Community
Participate
Working Groups
Created attachment 267097 [details] Crash Dump The JVM crashes during the Drag and Drop of a simple text file. Machine is brand new and should have all the latest patches for windows.
Tried on Win7: I couldn't reproduce this crash by Drag and Drop an external text file into Eclipse or DnD text file across projects. Are you able to consistently reproduce the crash on different machines ? Can you please share the exact steps to reproduce this crash ?
A very close look at our source code revealed that an old DropTargetEvent that was no longer valid potentially caused a wrong memory address to be used. Core of my question would be how to avoid a crash on such an scenario. Wouldn't it be correct to catch the access violation.
(In reply to Jens Kuebler from comment #2) > A very close look at our source code revealed that an old DropTargetEvent > that was no longer valid potentially caused a wrong memory address to be > used.
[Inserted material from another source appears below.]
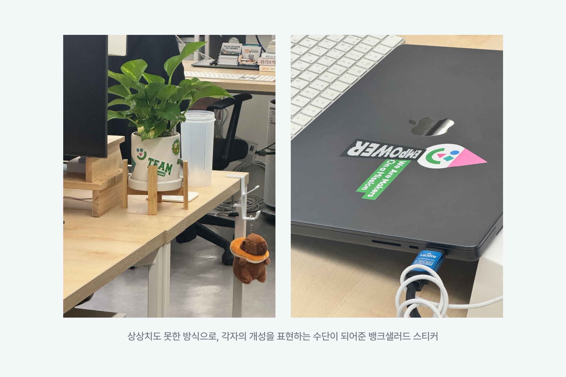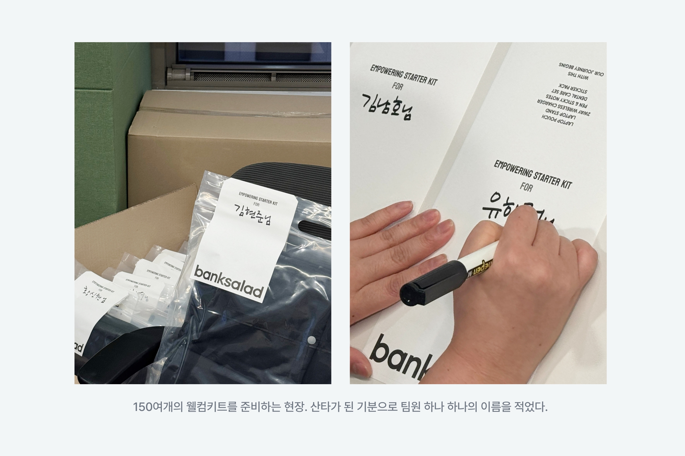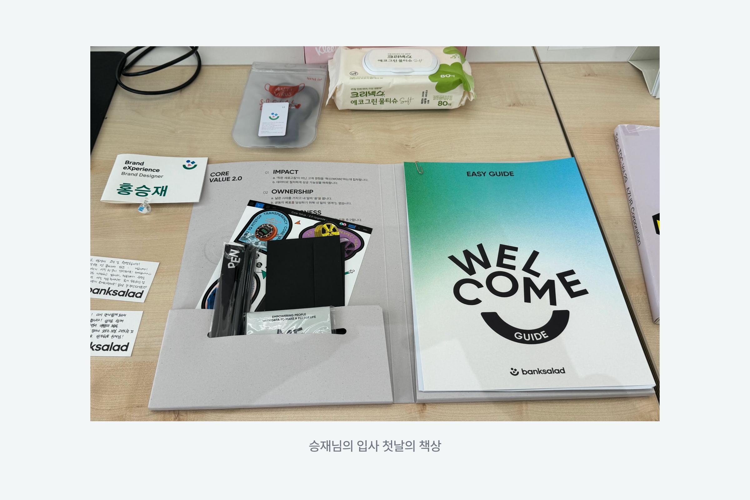 웰컴키트는 단순한 환영 선물을 넘어, 뱅크샐러드가 일을 대하는 태도를 보여주는 첫인상이라고 생각했어요.

Core of my question would be how to avoid a crash on such an scenario. > Wouldn't it be correct to catch the access violation. That is true. It should throw something rather than crashing. Can you provide a snippet to reproduce this issue or some detailed step-by-step description on how to reporduce it?
Created attachment 267164 [details] Snippet that crashes the vm
(In reply to Jens Kuebler from comment #4) > Created attachment 267164 [details] > Snippet that crashes the vm I tried to drop a text file onto the snippet. Works on Gtk3.22 as well as on a Windows 10 VM. I see a little red square if I drop a text file onto a tree item (when fully expanded). It could be a windows-7 specific issue or maybe an issue with the configuration of your windows 7 vm. If someone with a windows 7 box could test this, it'd be great.
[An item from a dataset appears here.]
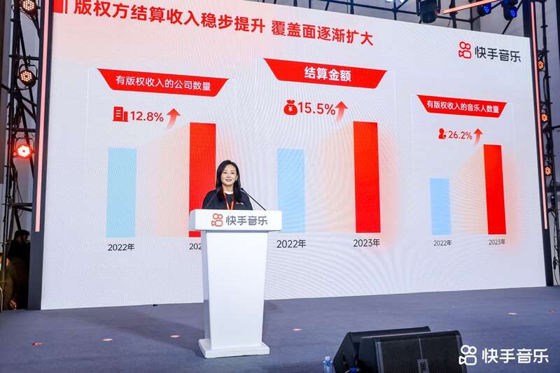 快手音乐中心负责人于蓝表示,2023年,平台累计已为30家版权方促成了歌曲商业化场景合作,版权方音乐结算的总金额同比上涨15.5%。

(In reply to Leo Ufimtsev from comment #5) > (In reply to Jens Kuebler from comment #4) > > Created attachment 267164 [details] > > Snippet that crashes the vm > > I tried to drop a text file onto the snippet. > > Works on Gtk3.22 as well as on a Windows 10 VM. I see a little red square if > I drop a text file onto a tree item (when fully expanded). Tested the attached snippet on Win7, I see same behavior as mentioned above and no crash seen.
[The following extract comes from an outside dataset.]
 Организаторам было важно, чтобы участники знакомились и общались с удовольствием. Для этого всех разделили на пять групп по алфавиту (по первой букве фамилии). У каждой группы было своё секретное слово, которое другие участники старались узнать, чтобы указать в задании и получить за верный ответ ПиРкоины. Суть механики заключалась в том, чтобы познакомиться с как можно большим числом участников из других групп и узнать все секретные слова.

Created attachment 267192 [details] repro video for dnd crash You need to drag the file onto one red square, then on another tree item and finally on that new red square (see attached video). Note that a SWTError is thrown when dragging the file onto the first square: org.eclipse.swt.SWTError: cought native exception: 0xc0000005 at org.eclipse.swt.internal.win32.OS.VtblCall(Native Method) at org.eclipse.swt.internal.ole.win32.IUnknown.AddRef(IUnknown.java:20) at org.eclipse.swt.dnd.FileTransfer.nativeToJava(FileTransfer.java:113) at Snippet92$Popup$1.dragEnter(Snippet92.java:51) But dragging it onto the second square crashes the VM: j org.eclipse.swt.internal.ole.win32.COM.VtblCall(IJLorg/eclipse/swt/internal/ole/win32/FORMATETC;Lorg/eclipse/swt/internal/ole/win32/STGMEDIUM;)I+0 j org.eclipse.swt.internal.ole.win32.IDataObject.GetData(Lorg/eclipse/swt/internal/ole/win32/FORMATETC;Lorg/eclipse/swt/internal/ole/win32/STGMEDIUM;)I+7 j org.eclipse.swt.dnd.Transfer.getData(Lorg/eclipse/swt/internal/ole/win32/IDataObject;Lorg/eclipse/swt/internal/ole/win32/FORMATETC;Lorg/eclipse/swt/internal/ole/win32/STGMEDIUM;)I+3 j org.eclipse.swt.dnd.FileTransfer.nativeToJava(Lorg/eclipse/swt/dnd/TransferData;)Ljava/lang/Object;+91 j Snippet92$Popup$1.dragEnter(Lorg/eclipse/swt/dnd/DropTargetEvent;)V+16
(In reply to Julian Honnen from comment #7) > Created attachment 267192 [details] > repro video for dnd crash > > You need to drag the file onto one red square, then on another tree item and > finally on that new red square (see attached video). Tried the snippet on Win7/Win10, it doesn't crash immediately. Complex set of dragging operation needs to be performed to reproduce the crash. Not 100% sure if the test-Snippet is missing something, but I agree proper SWTError should be thrown instead of crashing.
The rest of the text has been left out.